## [Problem description]
In the records below, find the line that contains "Probably made in" and the line that contains "技术在其他方面也在改变着医学"; write out exactly those two lines and everything between them, without the pictures.
[Material provided Boundary: Start]
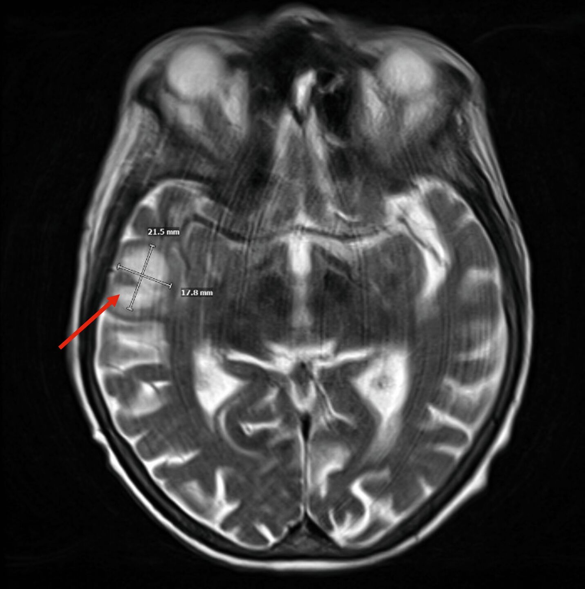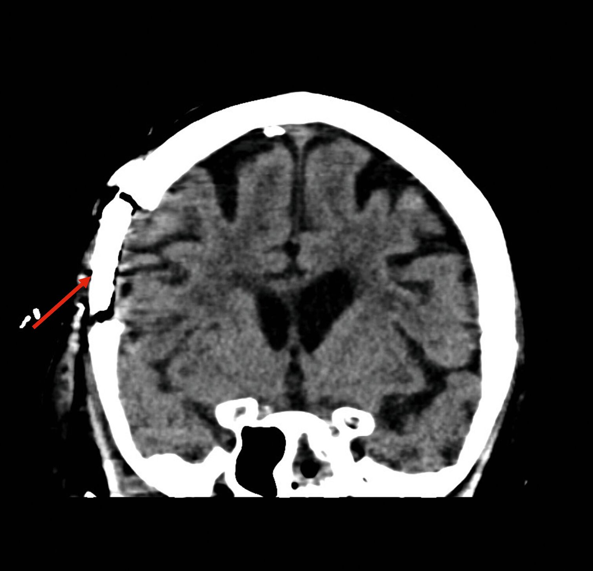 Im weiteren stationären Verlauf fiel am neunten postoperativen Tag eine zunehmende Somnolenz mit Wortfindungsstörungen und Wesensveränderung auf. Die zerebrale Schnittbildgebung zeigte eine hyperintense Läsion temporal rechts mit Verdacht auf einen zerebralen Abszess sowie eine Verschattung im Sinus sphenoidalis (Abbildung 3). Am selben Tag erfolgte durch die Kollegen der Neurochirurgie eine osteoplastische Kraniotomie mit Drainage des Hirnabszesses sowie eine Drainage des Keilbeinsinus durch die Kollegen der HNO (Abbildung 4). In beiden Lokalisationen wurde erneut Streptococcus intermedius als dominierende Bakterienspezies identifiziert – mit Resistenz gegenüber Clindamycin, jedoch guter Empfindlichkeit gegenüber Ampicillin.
[Material provided Boundary: End]
[Material provided Boundary: Start]
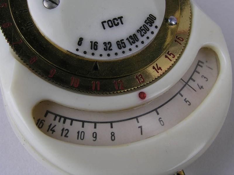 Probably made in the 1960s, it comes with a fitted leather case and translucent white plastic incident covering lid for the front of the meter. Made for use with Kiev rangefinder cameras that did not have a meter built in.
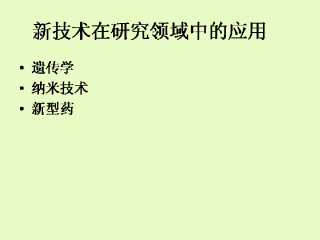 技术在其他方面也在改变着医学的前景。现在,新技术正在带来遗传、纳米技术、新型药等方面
[Material provided Boundary: End]
[Material provided Boundary: Start]
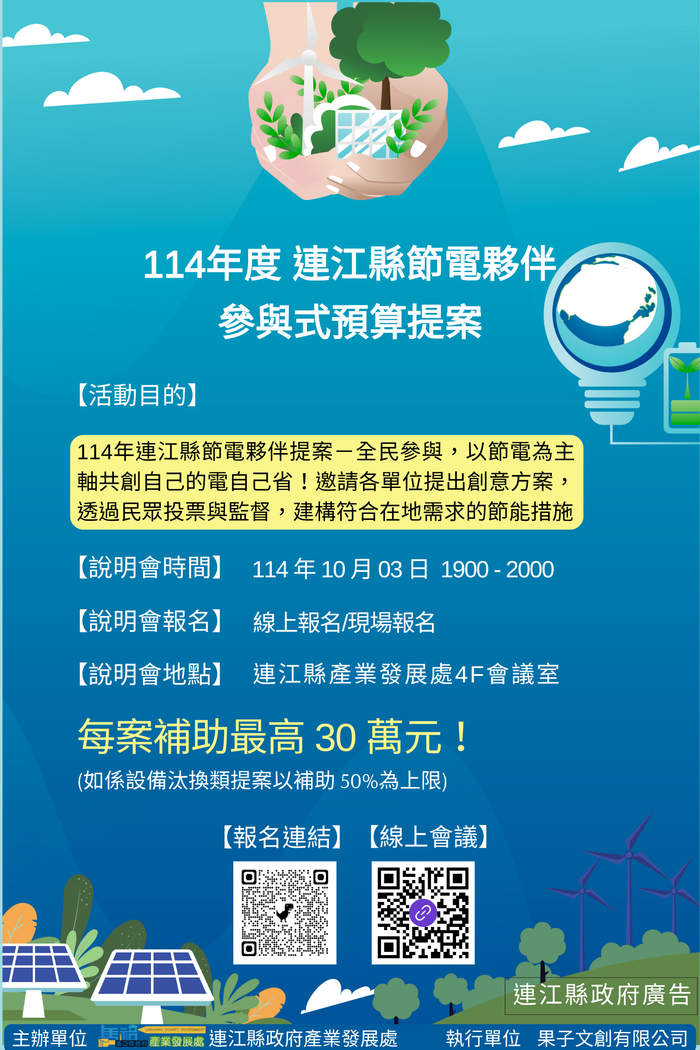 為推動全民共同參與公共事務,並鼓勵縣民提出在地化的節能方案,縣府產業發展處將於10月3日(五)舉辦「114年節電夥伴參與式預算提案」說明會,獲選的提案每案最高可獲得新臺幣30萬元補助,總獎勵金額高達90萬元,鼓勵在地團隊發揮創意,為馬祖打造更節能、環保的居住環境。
[Material provided Boundary: End]
## [Solution for this task]
 Probably made in the 1960s, it comes with a fitted leather case and translucent white plastic incident covering lid for the front of the meter. Made for use with Kiev rangefinder cameras that did not have a meter built in.
 技术在其他方面也在改变着医学的前景。现在,新技术正在带来遗传、纳米技术、新型药等方面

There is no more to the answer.